Em resumo, tal como o Xadrez ou o Go, o Euphrat & Tigris é daqueles jogos cujas regras são fáceis de aprender, mas que exigem dedicação e muitas sessões no bucho, para que se consiga atingir um nível elevado.

Pode ser jogado com 2, 3 ou 4 jogadores e o jogo transforma-se em função disso, sendo mais estratégico e controlado a 2 e mais caótico e dificl de jogar a 4. Há quem prefira com 2, há quem prefira com 3 e há aqueles que, como eu, preferem com 4. É uma questão de gosto.

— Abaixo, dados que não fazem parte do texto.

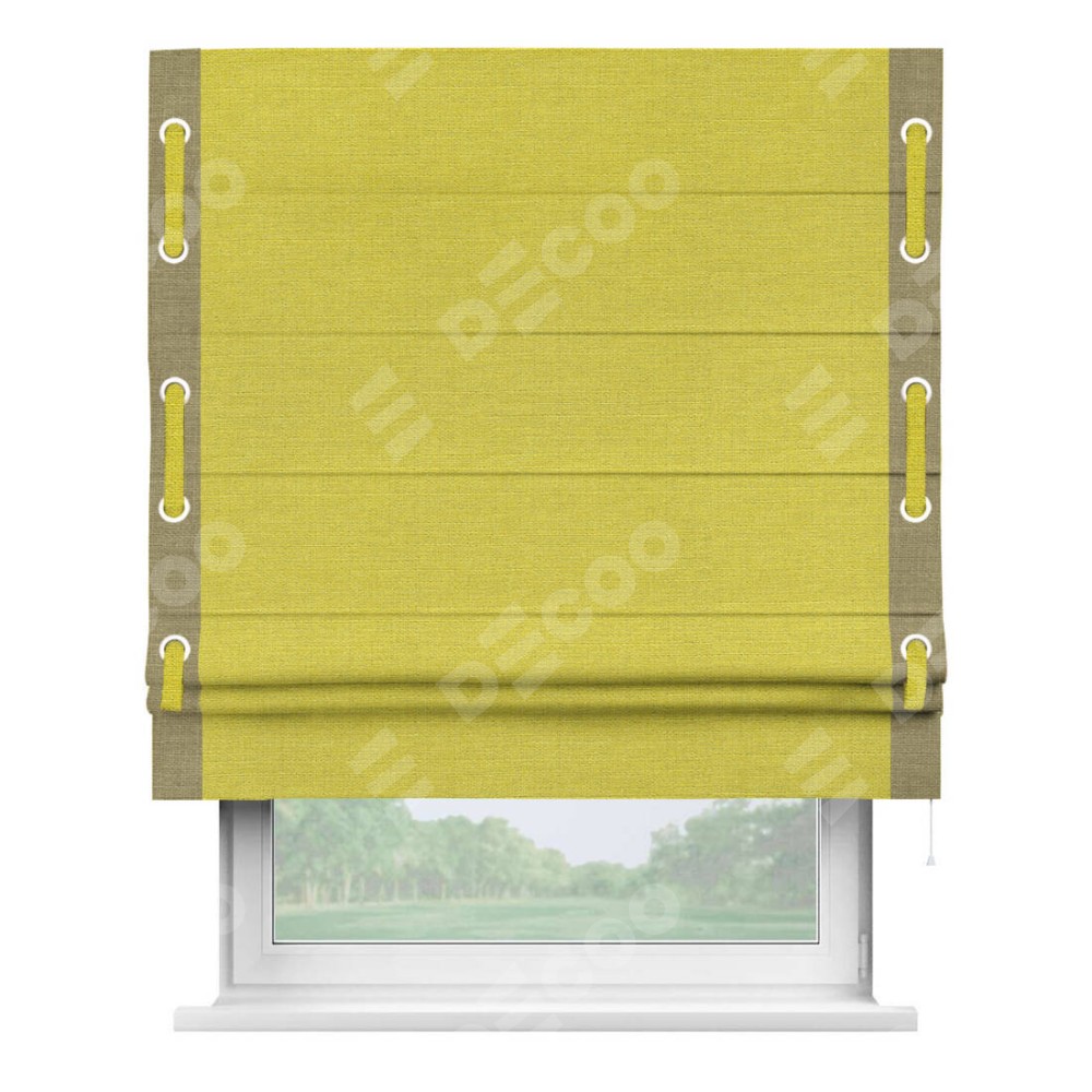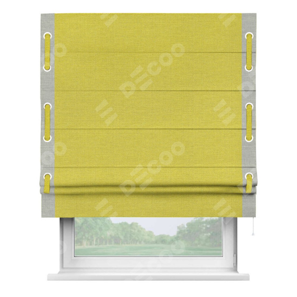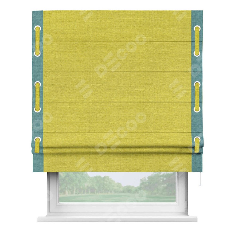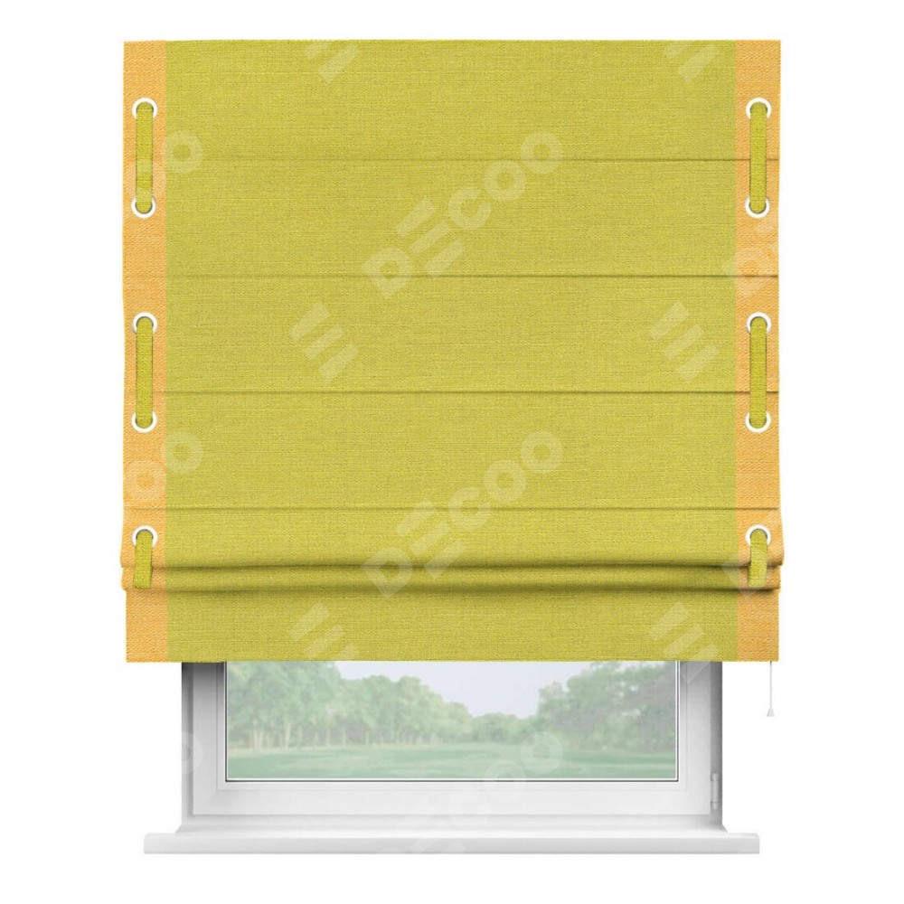 Римская штора производителя «Cortin», используется для проёма, пошита из ткани лён салатовый, артикул 53437. Отделка шторы кантом «Стрим Дуо» на кантах расположены люверсы с пояском, ткань для канта используется из льна разной расцветки на выбор. Ткань для пояска обычно используется из основной ткани шторы, а так же можно сделать из любой расцветки по желанию. Имеет универсальный механизм и подходит для монтажа: на потолок, на стену и в нишу.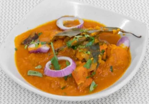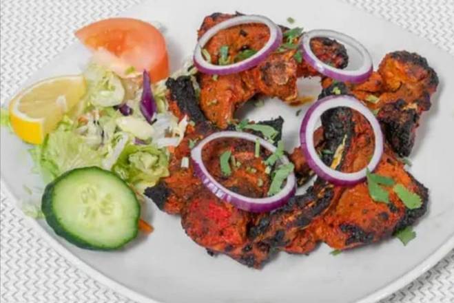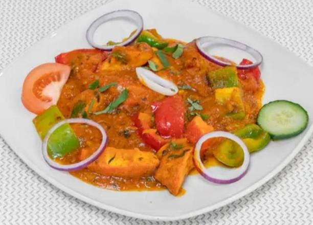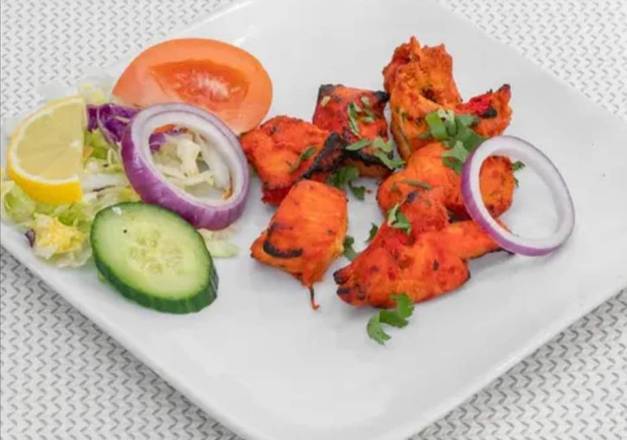 | Chicken Tikka Shashlik Juicy Chicken Tikka with Grilled Juicy Tomato, Pepper and Onion, served with curry sauce. |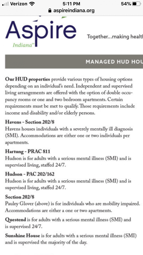 Kristine first said that when NB was discharged from the hospital (this would have been approximately July/August 2012) that she was discharged into a “half way” house. I’m attaching her post to prove these were HER words, not just a reporting of her words). In other reporting, it was stated that Natalia was, after discharge, under the care of Aspire of Indiana. Here is a screenshot of the housing services they provide and it aligns with Kristine’s admission of “half way house.” I think this proves that Natalia WAS NOT truly on her own for a year, before they put her into the LaFayette apt in July 2013. View attachment 210941View attachment 210942
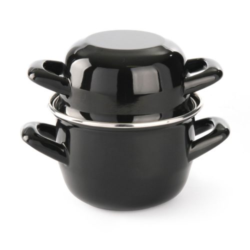Lonac s poklopcem za pripremu i serviranje školjki koji se može koristiti na plinskim štednjacima. Kvalitetan email te obrub od nehrđajućeg čelika.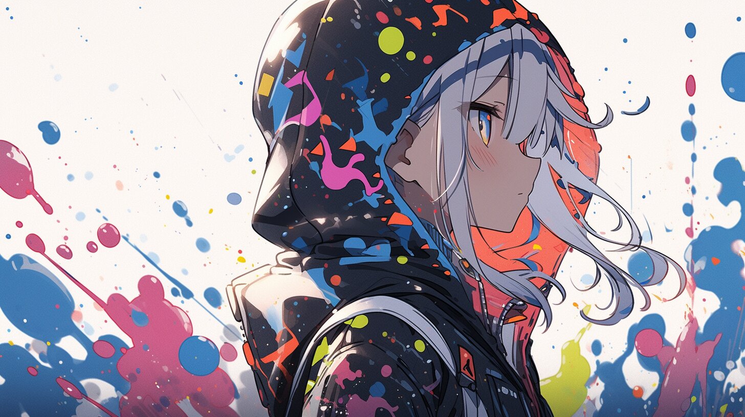 ネオン輝く街の片隅で、白髪の少女はフードを被り、ペイントの飛沫に囲まれながら佇む。彼女はストリートアーティストとして、日常の喧騒をキャンバスに変える冒険者。鮮やかな色彩が飛び散る中、彼女の瞳には過去の記憶が浮かぶ。風が運ぶインスピレーションに身を委ね、次なる傑作を生み出す瞬間を待つ。この一瞬が、彼女の心の旋律を奏でる物語の始まりだ。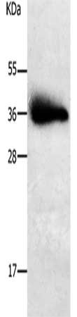 Gel: 10%SDS-PAGE, Lysate: 30 μg, Lane: Human liver cancer tissue, Primary antibody: CSB-PA918814(PPAP2A Antibody) at dilution 1/650, Secondary antibody: Goat anti rabbit IgG at 1/8000 dilution, Exposure time: 1 second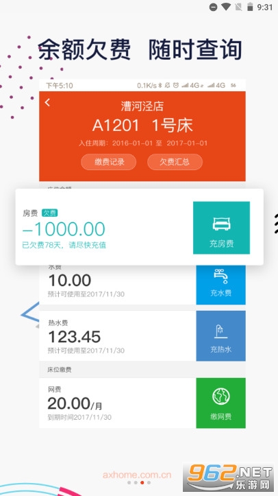 2、随时查询房费、水费、电费,网费余额欠费等情况,及时在线进行缴纳。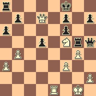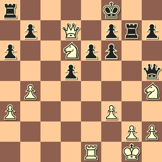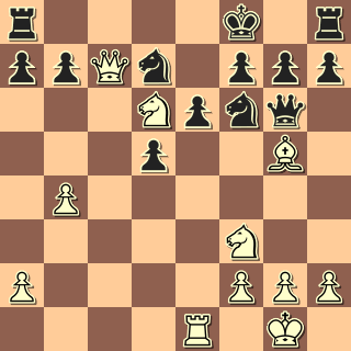 23. Jdf5!!? Stačí, byť ještě přísnější bylo 23. Jhf5!! 23. … Vg5?! Snad jedině Dg5, věž tam nechat. 24. g4 A to je konec, černá dáma ještě není ke braní, ale po Kh1 už bude; s tím se nic nenadělá. 24. … exf5 Rezignace. 25. Jxf5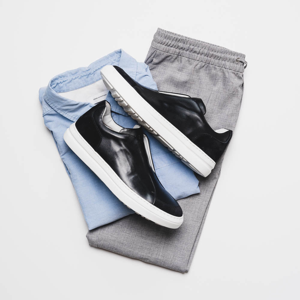 65-219-BLK SPETTACOLARE Italian Glove Baby Calf Sneakers, Black
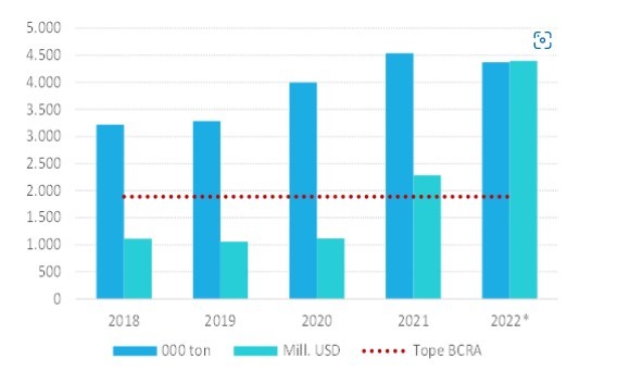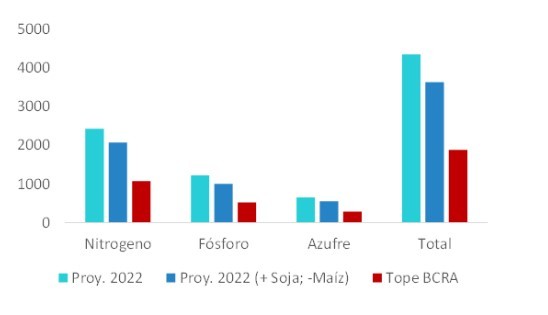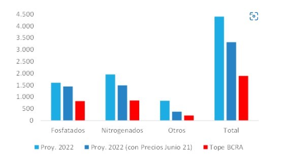 Dada la importancia de los fertilizantes importados en el consumo total de Argentina, las necesidades de importación crecieron significativamente. En este contexto, se suman preocupaciones por medidas impuestas por el Banco Central para la adquisición de divisas para importación, estableciéndose un tope equivalente al menor del valor de las importaciones FOB de 2021 más un 5%, o de las importaciones del año 2020 más un 70%, que se estima en USD 1.889 millones.

Em jeito de conclusão, devo dizer que este jogo está tão perto de um 10 perfeito, quanto é possível a um jogo estar, sem ter sido desenhado por mim ou que, pelo menos, não tenha a minha fotografia na capa. É elegante, é único, é possível jogá-lo uma vida inteira sem que se torne repetitivo, os componentes são de boa qualidade e até tem a vantagem de poder ser jogado com 2, 3 ou 4 jogadores de forma igualmente satisfatória. Está disponível na versão em inglês ou em alemão, embora o jogo seja completamente independente da linguagem, o que torna possível comprar a edição alemã e fazer download das regras em inglês do BGG. Compreendo que algumas pessoas possam ser afastadas pela natureza um pouco contra-natura de algumas regras (que são simples, apesar de tudo) e há também quem se queixe que o jogo é abstracto demais (embora eu não concorde). Seja como fôr, para quem fôr capaz de ultrapassar com sucesso o primeiro jogo, o céu é o limite e todos os euros investidos nesta pérola terão valido a pena.

4 comentários:

Skip disse...

Curto muito o "Tigris". Tive oportunidade de jogá-lo algumas vezes e sempre que o jogo adoto uma estratégia diferente e vejo os demais adotando estratégias diferentes. Muito interessantes. Creio não ser à toa que passou muito tempo em segundo lugar na classificação do BGG.

zorg disse...

Acho que ainda está em segundo, logo atrás do puerto rico. Mas este é uma preferência particular minha...no meu ranking pessoal, está bem lá em cima. :-)

Hugo Carvalho disse...

Este é um daqueles jogos que ando doido por jogar.
O problema é que estamos sempre a mandar vir jogos novos e acaba por não restar muito tempo para os jogos antigos.
Talvez um dia, um dos ilustres visitantes deste blog me convide...

Wagner disse...

Tigris & Euphrates está no meu Top 3, superado pelo Caylus e Puerto Rico... Perto destes 2, Tigris se mostra muito mais simples em termos de componentes, porém, esta simplicidade esconde um jogo muito bem elaborado... Desde a primeira vez que joguei, foi paixão à primeira vista, e olha que já joguei outros tantos jogos, e ele continua sólido... Muito bom jogo!!!